Disco and Atomic War
Estonian film Disco and Atomic War

Doing Business on the Black Market
28/11/2009

An exciting new element to the Black Nights Film Festival is a market, entitled Black Market Industry Screenings, whose aim is to showcase the latest productions from North, East and Central Europe to members of the international film industry. There is also Books Into Movies, a literary rights market, which will introduce works from Estonia, Latvia, Lithuania, Russia, Finland, Norway, Georgia and the Ukraine.

Advice on the films screened, as well as recommendations, will be available from the Solaris Centre, which is manned by festival staff.

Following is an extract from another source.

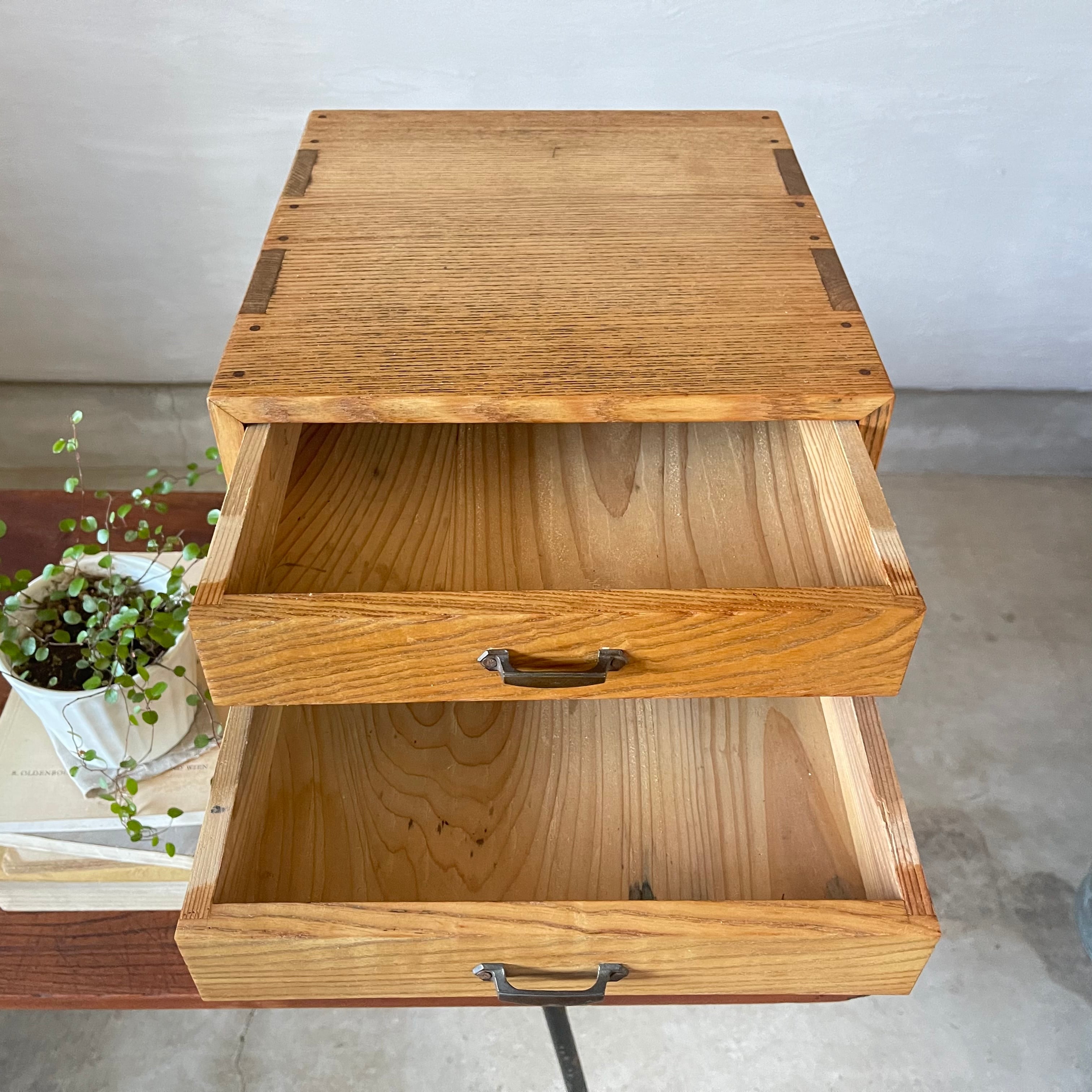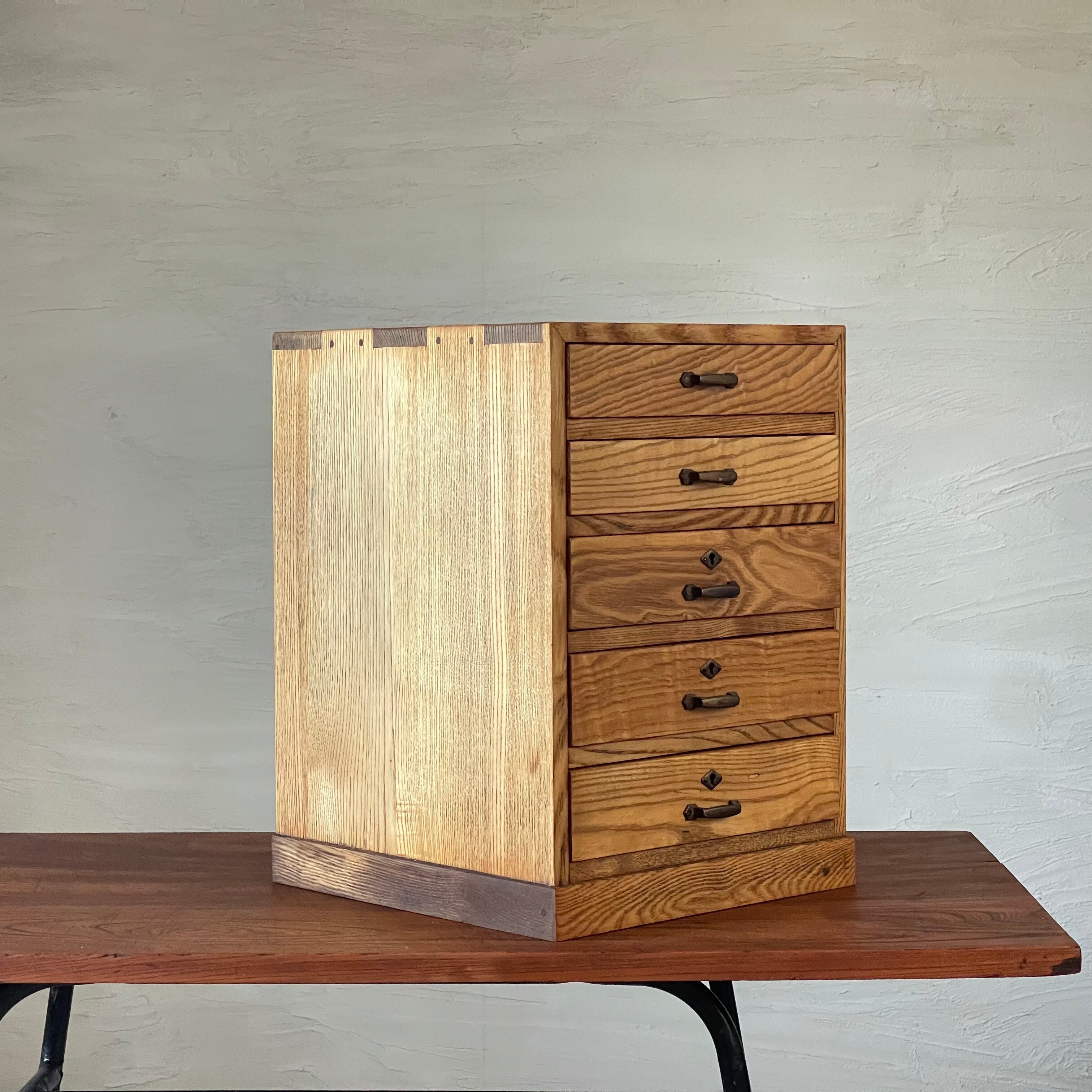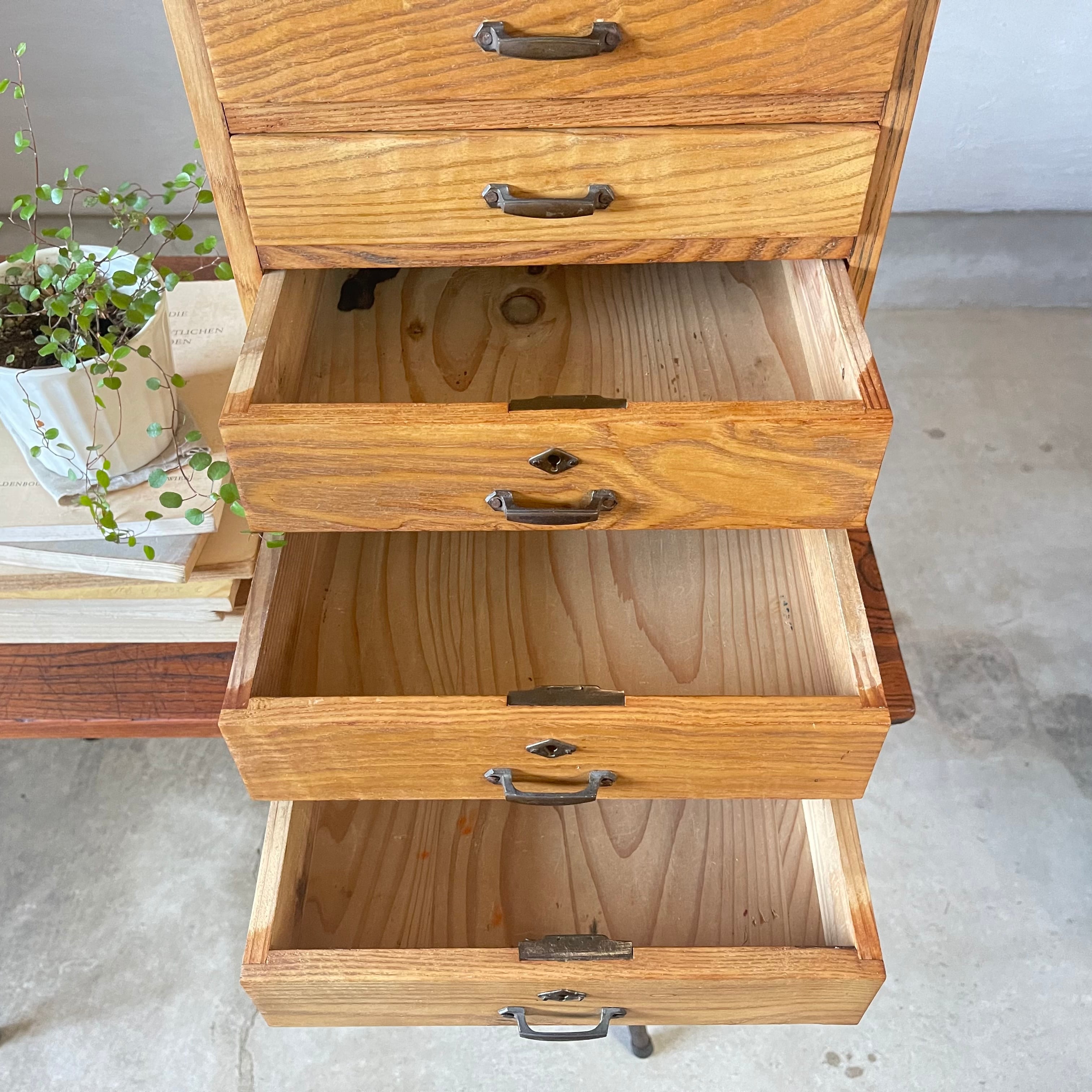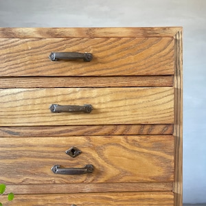 ナチュラルな木味と並んだ真鍮の取手が魅力的な5杯の引き出しです。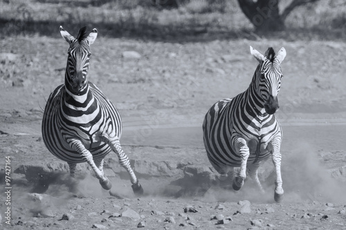 © Alta Oosthuizen, Fototapeta premium Herd of zebra fleeing from danger at dusty waterhole artistic co

Those looking out for a local film to watch will likely pick few better Estonian films this year than Disco and Atomic War, the slyly comical play with the documentary form by Jaak Kilmi. A description of the film’s narrative trajectory will do little justice to the sheer level of invention and enthusiasm the director invests in this story of life in Soviet controlled Estonia in the dying days of communism. Forget Gorbachev, Reagan and the nuclear threat, the film tells us. The Iron Curtain was levelled by Dallas, Knight Rider and a special screening of Emmanuelle that, nine months later, saw a spike in the birth rate in Estonia. Intelligent, engaging and very, very funny, Kilmi’s account of growing up in the 1980s deserves a wider audience beyond the Baltic countries.

Bluebeard
Catherine Breillat’s Bluebeard
A very different film, but no less an achievement is Catherine Breillat’s beguilling adaptation of the Bluebeard myth. At first glance, it seems an atypical choice for Breillat, but once it hits its stride, Bluebeard is firmly in the ideological territory that the director has been exploring for years. Finding a new angle on the tale, she empowers the central character, investing the matricidal count’s new partner with more power and influence than we have previously seen. In a parallel story, set in the 1950s and featuring two girls reading the tale aloud, we witness the fine line between the assertion of self and the cruelty that the power over others can provoke. It is also one of Breillat’s most beautiful films.

Finally, the day also saw a very entertaining film about an extremely dry subject. RIP: A Remix Manifesto explores the complex world of ownership and illegal downloading. Brett Gaylor’s film explores the legal quagmire of music publishing, employing the music of Girltalk to discuss where one artist’s creativity ends and another’s begins. The film may not win many converts, but it raises important issues in a dynamic way.